The Buell Evening Lecture
50 Years of Recuperation:
What is Living and What is Dead in the Situationist International
McKenzie Wark
Associate Professor of Media and Cultural Studies at Eugene Lang College
and of Sociology at the New Social Research
Wednesday, October 3, 6:30 pm
Wood Auditorium, Avery Hall, Columbia University
The Situationist International (1957-1972) bequeathed many key concepts
to us, including pyschogeography, the dérive, unitary urbanism, and of
course the society of the spectacle. It also spawned at least one major
work of critical and utopian architecture in Constant’s New Babylon. But
rather than treat these as seductive historical curiosities, or as
precursors to more “acceptable” notions, McKenzie Wark asks what might
survive the recuperation of the Situationists and act as pointers to new
practices.
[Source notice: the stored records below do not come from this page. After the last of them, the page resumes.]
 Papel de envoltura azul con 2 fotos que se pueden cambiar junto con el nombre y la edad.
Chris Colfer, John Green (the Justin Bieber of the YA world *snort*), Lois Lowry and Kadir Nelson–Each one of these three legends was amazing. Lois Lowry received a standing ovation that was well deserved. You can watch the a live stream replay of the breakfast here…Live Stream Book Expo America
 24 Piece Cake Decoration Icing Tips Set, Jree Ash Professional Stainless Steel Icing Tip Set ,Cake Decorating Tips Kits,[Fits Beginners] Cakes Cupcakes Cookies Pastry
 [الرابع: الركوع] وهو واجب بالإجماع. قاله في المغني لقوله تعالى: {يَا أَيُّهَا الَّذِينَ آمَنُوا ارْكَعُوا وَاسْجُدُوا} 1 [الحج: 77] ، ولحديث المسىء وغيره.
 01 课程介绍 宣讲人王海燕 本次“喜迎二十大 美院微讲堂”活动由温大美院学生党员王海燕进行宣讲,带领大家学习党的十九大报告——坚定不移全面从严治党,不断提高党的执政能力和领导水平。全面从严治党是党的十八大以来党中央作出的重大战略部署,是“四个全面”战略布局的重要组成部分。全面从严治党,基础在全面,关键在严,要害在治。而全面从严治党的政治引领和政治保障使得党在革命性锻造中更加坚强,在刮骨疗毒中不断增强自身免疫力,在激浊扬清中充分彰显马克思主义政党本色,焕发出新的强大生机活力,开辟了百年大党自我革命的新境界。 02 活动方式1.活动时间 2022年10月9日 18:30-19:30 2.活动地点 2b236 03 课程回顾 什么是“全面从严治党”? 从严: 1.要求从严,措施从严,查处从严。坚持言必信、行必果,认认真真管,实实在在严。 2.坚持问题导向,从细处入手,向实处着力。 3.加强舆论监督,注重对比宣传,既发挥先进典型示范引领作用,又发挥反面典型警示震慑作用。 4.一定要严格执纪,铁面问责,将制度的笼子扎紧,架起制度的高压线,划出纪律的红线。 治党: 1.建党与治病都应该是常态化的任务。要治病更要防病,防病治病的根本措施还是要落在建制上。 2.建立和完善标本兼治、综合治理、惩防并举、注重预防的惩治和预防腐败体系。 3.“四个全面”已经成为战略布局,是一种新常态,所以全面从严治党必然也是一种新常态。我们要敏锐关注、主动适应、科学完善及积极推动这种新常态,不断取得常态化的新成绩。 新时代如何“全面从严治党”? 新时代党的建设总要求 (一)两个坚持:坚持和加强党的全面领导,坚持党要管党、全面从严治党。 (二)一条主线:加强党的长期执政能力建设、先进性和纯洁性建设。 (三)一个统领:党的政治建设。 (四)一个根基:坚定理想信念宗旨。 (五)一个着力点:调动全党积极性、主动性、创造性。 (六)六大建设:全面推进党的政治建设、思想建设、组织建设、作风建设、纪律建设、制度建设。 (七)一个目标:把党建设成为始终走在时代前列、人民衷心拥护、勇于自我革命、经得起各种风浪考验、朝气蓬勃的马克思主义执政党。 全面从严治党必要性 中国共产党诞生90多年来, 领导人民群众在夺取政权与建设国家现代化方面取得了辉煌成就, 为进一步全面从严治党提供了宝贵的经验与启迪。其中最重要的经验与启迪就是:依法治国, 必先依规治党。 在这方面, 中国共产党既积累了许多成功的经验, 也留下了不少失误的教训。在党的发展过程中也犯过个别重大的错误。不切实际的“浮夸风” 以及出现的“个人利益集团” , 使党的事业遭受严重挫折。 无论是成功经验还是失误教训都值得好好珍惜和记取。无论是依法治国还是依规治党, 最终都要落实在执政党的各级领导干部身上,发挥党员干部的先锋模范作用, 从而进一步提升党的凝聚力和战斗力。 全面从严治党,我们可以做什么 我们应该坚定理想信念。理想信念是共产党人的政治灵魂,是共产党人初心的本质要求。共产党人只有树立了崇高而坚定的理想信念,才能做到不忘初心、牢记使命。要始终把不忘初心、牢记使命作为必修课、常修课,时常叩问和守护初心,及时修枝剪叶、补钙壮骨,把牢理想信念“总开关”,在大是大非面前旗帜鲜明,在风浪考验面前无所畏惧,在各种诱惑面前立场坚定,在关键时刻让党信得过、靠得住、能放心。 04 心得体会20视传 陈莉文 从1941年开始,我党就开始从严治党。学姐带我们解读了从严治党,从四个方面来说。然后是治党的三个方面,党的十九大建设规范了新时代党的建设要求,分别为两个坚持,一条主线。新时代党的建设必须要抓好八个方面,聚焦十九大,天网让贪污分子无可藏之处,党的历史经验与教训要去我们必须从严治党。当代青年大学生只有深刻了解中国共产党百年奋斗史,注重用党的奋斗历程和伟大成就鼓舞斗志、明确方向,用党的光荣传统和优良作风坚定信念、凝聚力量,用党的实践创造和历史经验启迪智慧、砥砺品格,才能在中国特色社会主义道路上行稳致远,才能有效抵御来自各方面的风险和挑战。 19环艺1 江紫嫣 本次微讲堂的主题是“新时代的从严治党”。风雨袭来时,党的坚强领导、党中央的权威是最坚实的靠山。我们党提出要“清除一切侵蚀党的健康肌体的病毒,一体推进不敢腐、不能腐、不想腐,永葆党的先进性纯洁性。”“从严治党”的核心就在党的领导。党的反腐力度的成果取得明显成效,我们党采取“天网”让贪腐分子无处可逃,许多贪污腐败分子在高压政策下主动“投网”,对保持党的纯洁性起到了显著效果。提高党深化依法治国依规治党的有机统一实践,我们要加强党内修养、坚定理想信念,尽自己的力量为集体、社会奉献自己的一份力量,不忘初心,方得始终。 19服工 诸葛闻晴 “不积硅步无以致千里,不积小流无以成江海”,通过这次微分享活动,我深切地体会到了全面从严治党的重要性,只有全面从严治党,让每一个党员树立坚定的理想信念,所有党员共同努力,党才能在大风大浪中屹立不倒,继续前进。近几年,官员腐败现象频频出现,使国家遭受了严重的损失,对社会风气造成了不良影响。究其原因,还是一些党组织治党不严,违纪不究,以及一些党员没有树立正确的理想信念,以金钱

Rather than attempting to make an unbearable totality
“sustainable,” perhaps we might pick up the thread of those who dared to
negate this world as a whole and imagine it anew.
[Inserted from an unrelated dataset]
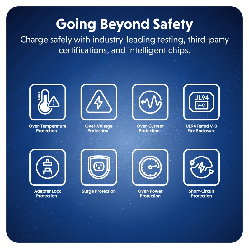 Laturissa on ylivirta-, ylijännite-, ylilämpötila- ja oikosulkusuojaus, sekä ohjelmoitava virransyöttö PPS (Programmable Power Supply), joka mahdollistaa virran ja jännitteen vaiheittaiset muutokset. Se vähentää muunnoshäviötä latauksen aikana, mikä varmistaa latauksen tehokkuuden. Kun lataus on tehokkaampaa, lämpöä tuotetaan vähemmän, ja kun lämpöä tuotetaan vähemmän, akun käyttöikä pitenee. Joten PPS-pikalataus on parempi laitteesi akulle ja voit varmuudella nauttia turvallisesta laitteidesi lataamisesta. Älykäs lataus PD 3.0-, PPS-, QC 3.0- ja QC 2.0-protokollilla.Myyntipaketissa mukana tulee EU, UK, AU, US ja C8 vaihdettavat verkkovirtasovittimet, jotka tekevät laturista täydellisen kumppanin myös ulkomailla matkustettaessa.
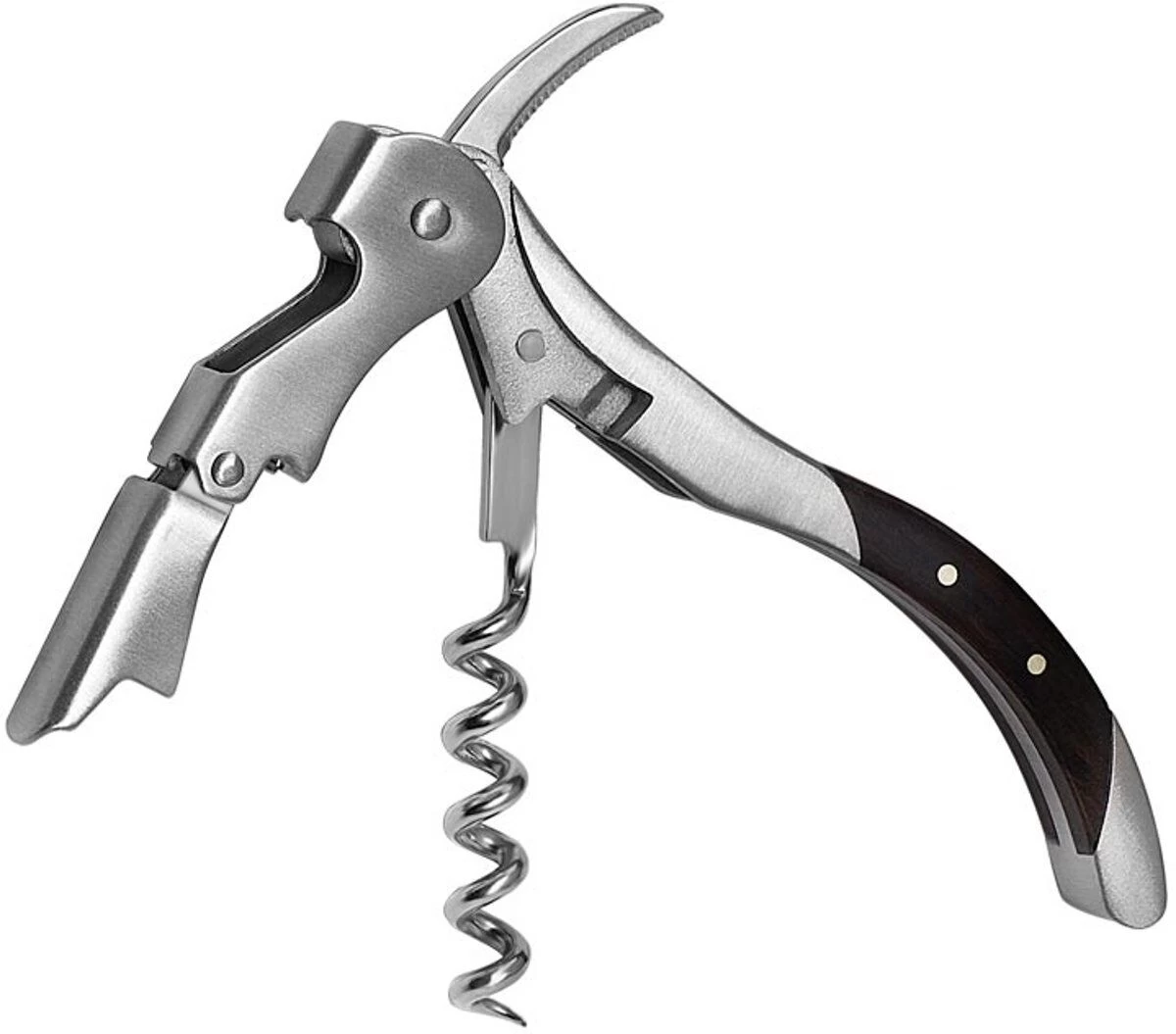 De Cookai kurkentrekker is volledig gemaakt van roestvrij staal met een houten handgreep. De opener is voorzien van een kurkentrekkerspiraal, een twee-staps hefboom, een capsulesnijder en een flesopener.

Buell Evening Lecture sponsored by Skidmore, Owings & Merrill
This lecture is presented as part of The FORuM PROJECT, a two-year
program dedicated to exploring relationships between form, politics, and
contemporary life.
McKenzie Wark is the author of Gamer Theory (1997); A Hacker Manifesto
(2004);Virtual Geography: Living with Global Media Events (1997)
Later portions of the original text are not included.